The signs of the slopes of the regression equation provide an important information for the decision making ("Regression Slope: Confidence Interval"). According to the analysis conducted, the land full cash value in dollar (reflection of the market value of your property and consists of land and improvements) is a positive factor in the house prices. Naturally, this is the part of the price, so if the land cash increases, it usually pushes up the house prices. The age of a property is a negative factor – the older houses usually cost cheaper than the new buildings. Travelling time to the nearest lake is a negative factor, because if you travel to the lake a lot of time, then the house is too far from the lake and it price should be low. The number of population in square mile in 2000 is also a negative factor.

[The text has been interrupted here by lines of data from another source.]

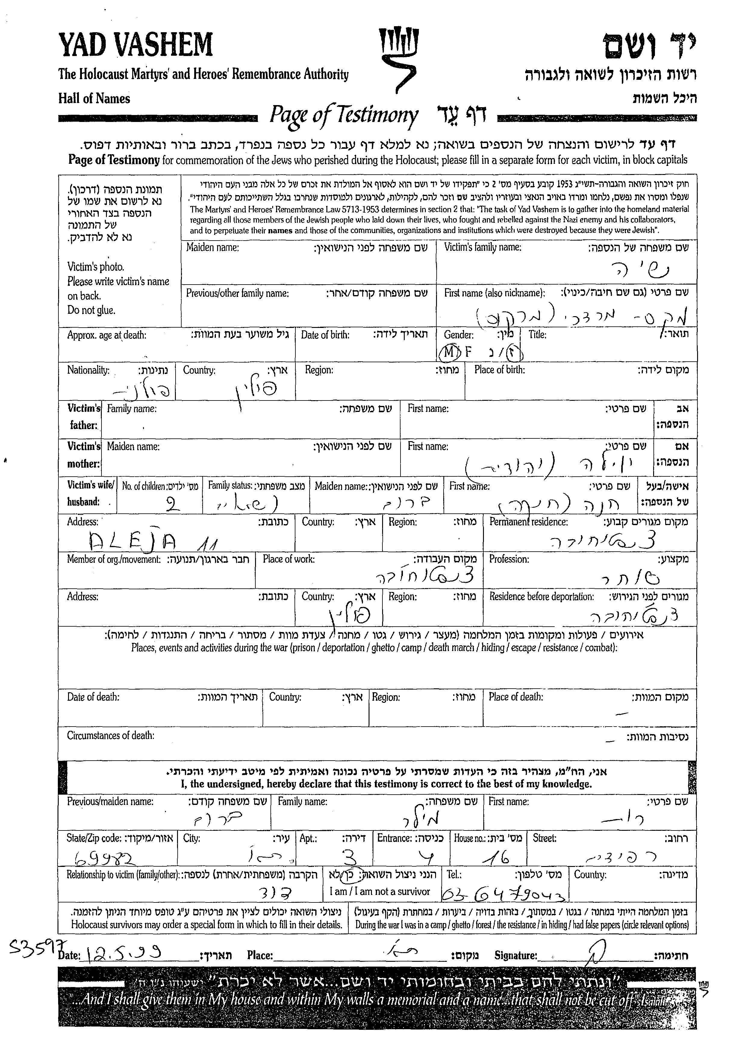 Yad Vashem - Pages of Testimony Names Memorial Collection
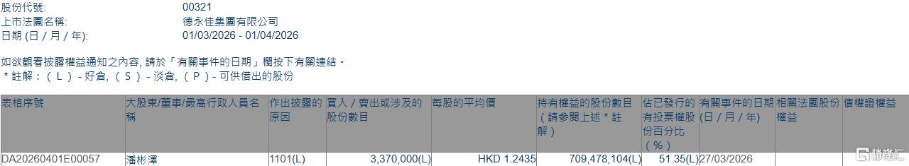 格隆汇4月1日丨根据联交所最新权益披露资料显示,2026年3月27日,德永佳集团(00321.HK)获执行董事潘彬泽在场内以每股均价1.2435港元增持337万股,涉资约419.06万港元。
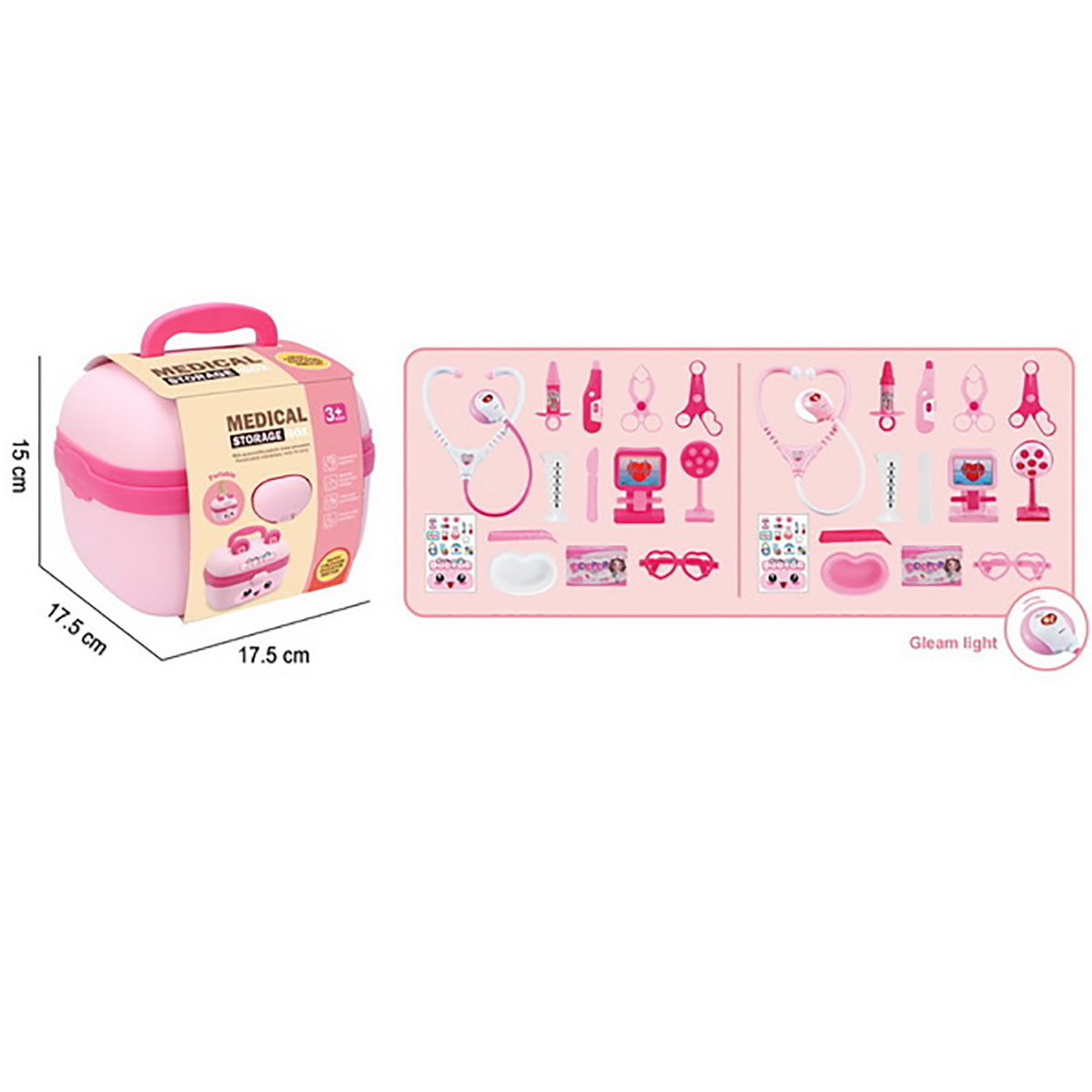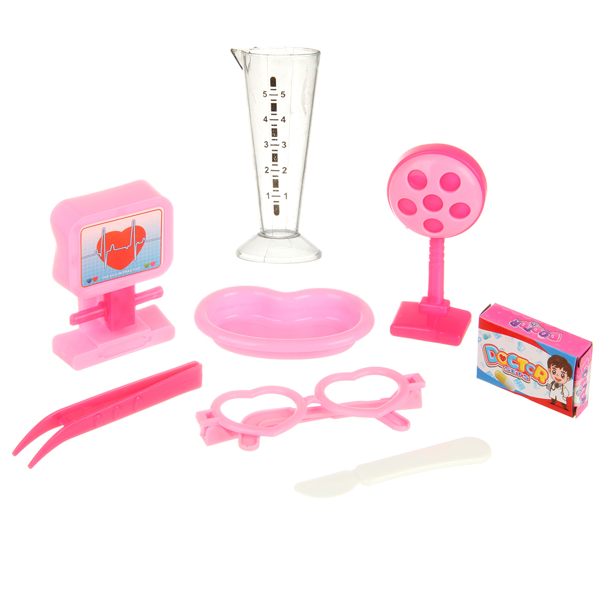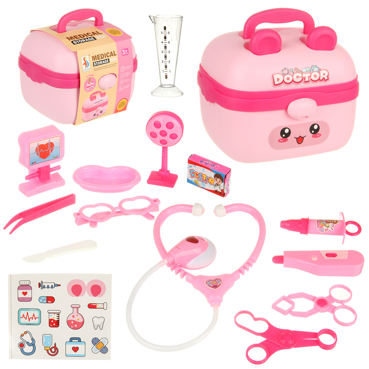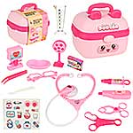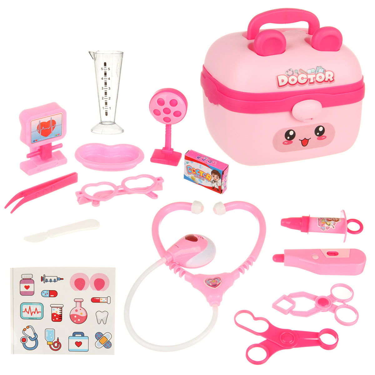В наборе стетоскоп, лоток, градусник, шприц, зажим, пинцет, 2 врачебных инструмента, очки, монитор, мензурка, скальпель, пустая коробочка имитация лекарств, чемоданчик упаковка, набор наклеек.

People usually like to live in areas with a low density of population. The high population density usually pushes property prices down. The ratio of patio area to total area is a very positive factor in the property prices. Properties with the big patio areas are usually luxury housings and they cost a lot of money. Finally, the improved full cash value is a positive factor in the prices.
Works Cited
"Descriptive Statistics In Excel". Excel-easy.com. N.p., 2016. Web. 23 June 2016.
"Multiple Linear Regression". Stat.yale.edu. N.p., 2016. Web. 23 June 2016.
"Regression - Statistics Solutions". Statistics Solutions. N.p., 2016. Web. 23 June 2016.
"Regression Slope: Confidence Interval". Stattrek.com. N.p., 2016. Web. 23 June 2016.